| Task to carry out |
Among the entries below, retype exactly the lines starting with the one with "Фронтмен гурту Адам" and going on through the one with "Астрахан М. Таблицы", but not the pictures.

| The data |
====================

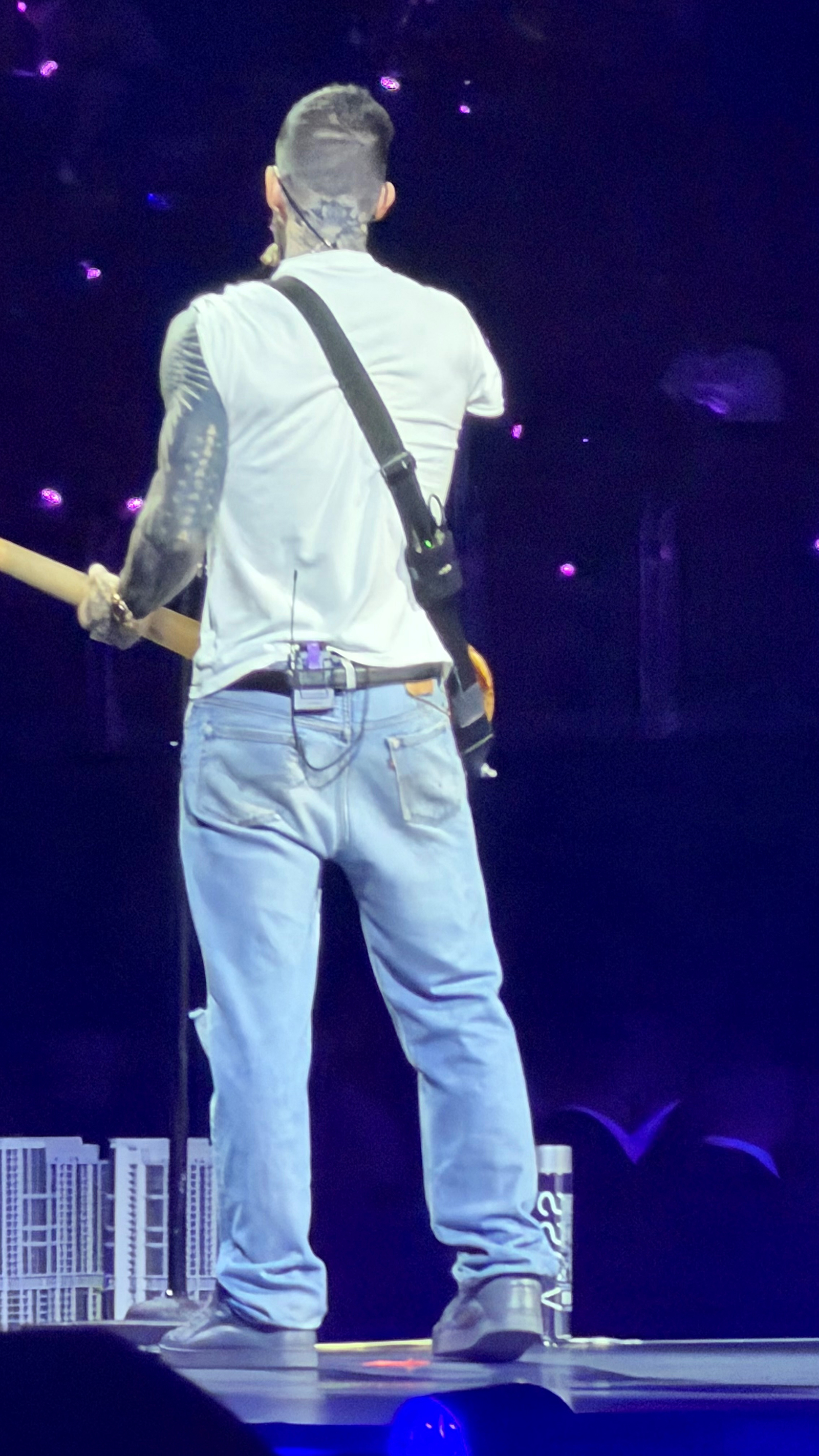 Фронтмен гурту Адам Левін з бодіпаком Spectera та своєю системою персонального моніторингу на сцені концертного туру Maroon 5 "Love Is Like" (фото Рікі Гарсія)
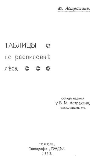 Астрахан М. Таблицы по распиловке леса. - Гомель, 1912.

====================

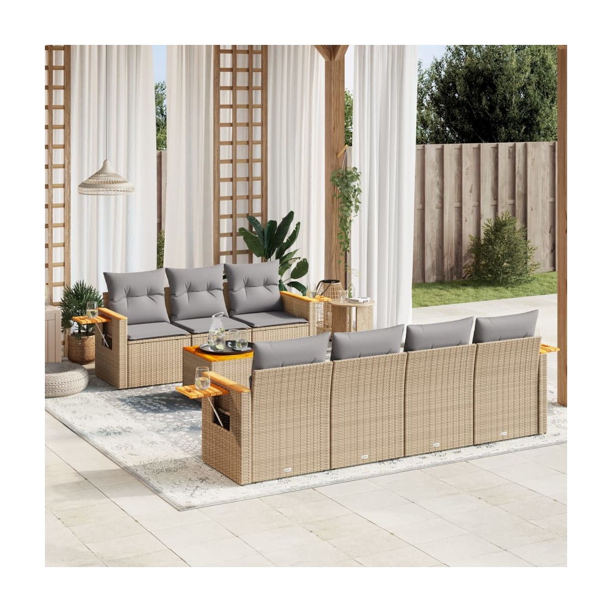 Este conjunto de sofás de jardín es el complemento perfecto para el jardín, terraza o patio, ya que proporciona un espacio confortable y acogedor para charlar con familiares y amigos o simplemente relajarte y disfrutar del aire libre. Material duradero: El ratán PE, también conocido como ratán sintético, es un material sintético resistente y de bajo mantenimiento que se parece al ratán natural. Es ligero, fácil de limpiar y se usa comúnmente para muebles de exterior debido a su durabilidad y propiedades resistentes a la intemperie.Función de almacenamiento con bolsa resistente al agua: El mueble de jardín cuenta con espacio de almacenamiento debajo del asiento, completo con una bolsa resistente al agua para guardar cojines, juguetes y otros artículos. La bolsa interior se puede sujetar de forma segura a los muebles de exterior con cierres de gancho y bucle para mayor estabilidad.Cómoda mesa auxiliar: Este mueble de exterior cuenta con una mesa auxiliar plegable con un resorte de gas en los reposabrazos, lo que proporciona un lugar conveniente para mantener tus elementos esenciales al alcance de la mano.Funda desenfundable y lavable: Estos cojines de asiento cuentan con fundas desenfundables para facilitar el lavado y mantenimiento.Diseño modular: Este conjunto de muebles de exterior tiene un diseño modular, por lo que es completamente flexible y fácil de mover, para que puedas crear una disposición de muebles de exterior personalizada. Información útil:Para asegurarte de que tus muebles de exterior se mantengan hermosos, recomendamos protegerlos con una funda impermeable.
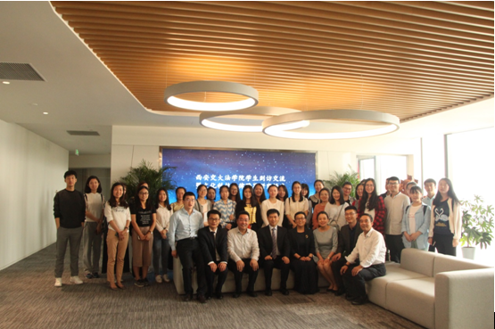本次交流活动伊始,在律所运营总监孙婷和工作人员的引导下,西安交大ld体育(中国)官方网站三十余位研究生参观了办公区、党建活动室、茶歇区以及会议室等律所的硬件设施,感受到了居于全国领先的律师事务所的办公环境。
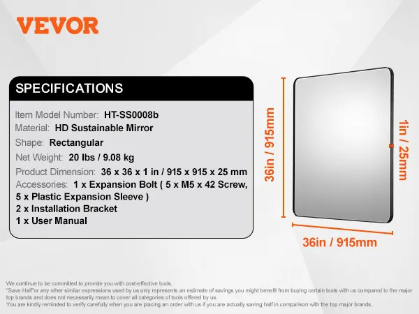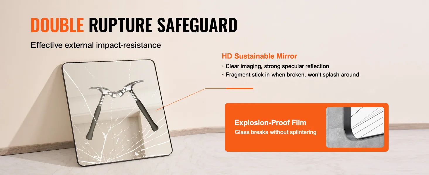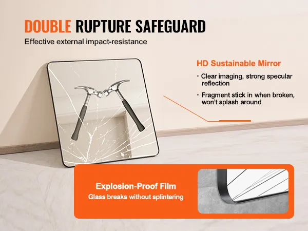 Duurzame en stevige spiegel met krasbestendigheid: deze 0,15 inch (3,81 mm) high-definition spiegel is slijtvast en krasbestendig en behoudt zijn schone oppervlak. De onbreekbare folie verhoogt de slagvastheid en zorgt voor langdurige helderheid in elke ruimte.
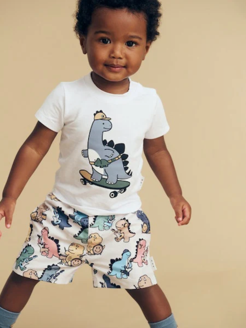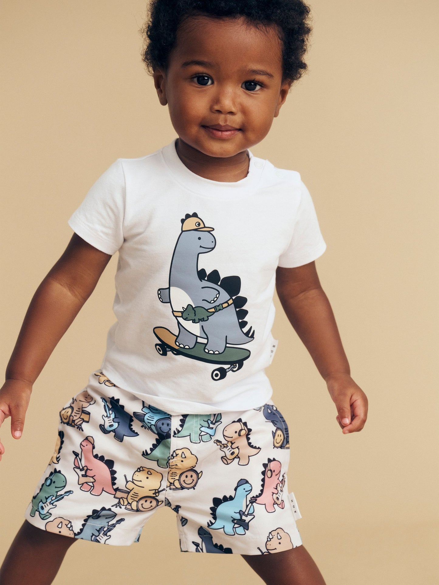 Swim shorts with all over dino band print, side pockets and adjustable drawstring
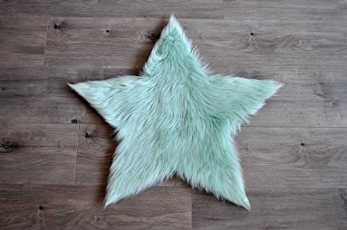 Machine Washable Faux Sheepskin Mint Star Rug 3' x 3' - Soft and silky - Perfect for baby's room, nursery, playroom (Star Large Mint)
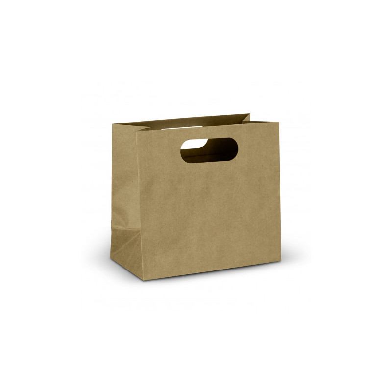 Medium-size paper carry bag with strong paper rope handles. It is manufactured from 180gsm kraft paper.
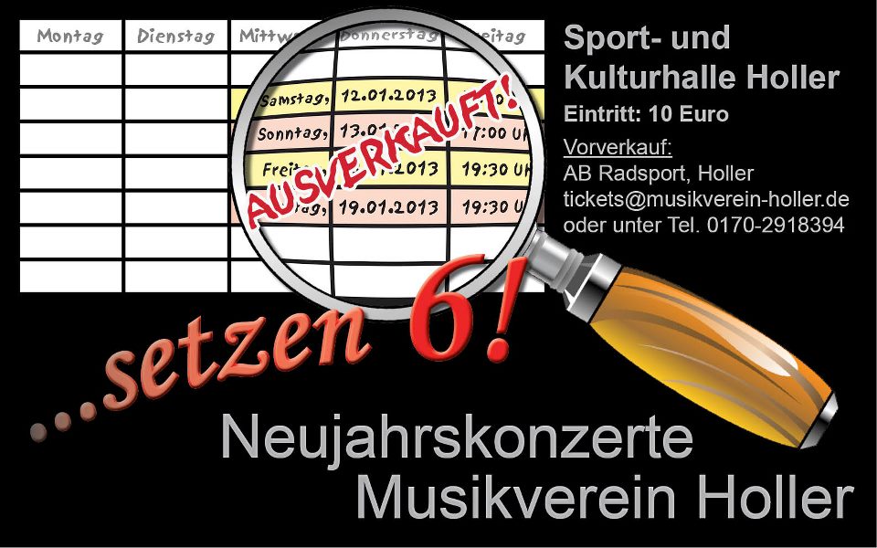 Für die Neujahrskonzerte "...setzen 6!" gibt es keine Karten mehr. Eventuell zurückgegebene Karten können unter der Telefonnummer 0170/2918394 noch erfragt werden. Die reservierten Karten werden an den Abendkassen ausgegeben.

====================

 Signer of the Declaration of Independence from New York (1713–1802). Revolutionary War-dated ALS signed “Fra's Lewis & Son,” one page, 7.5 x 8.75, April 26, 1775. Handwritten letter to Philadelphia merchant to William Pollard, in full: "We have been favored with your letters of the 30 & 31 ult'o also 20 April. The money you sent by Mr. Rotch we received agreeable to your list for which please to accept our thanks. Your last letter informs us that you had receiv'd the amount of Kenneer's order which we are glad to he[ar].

====================

| Exercise result |
 Фронтмен гурту Адам Левін з бодіпаком Spectera та своєю системою персонального моніторингу на сцені концертного туру Maroon 5 "Love Is Like" (фото Рікі Гарсія)
 Астрахан М. Таблицы по распиловке леса. - Гомель, 1912.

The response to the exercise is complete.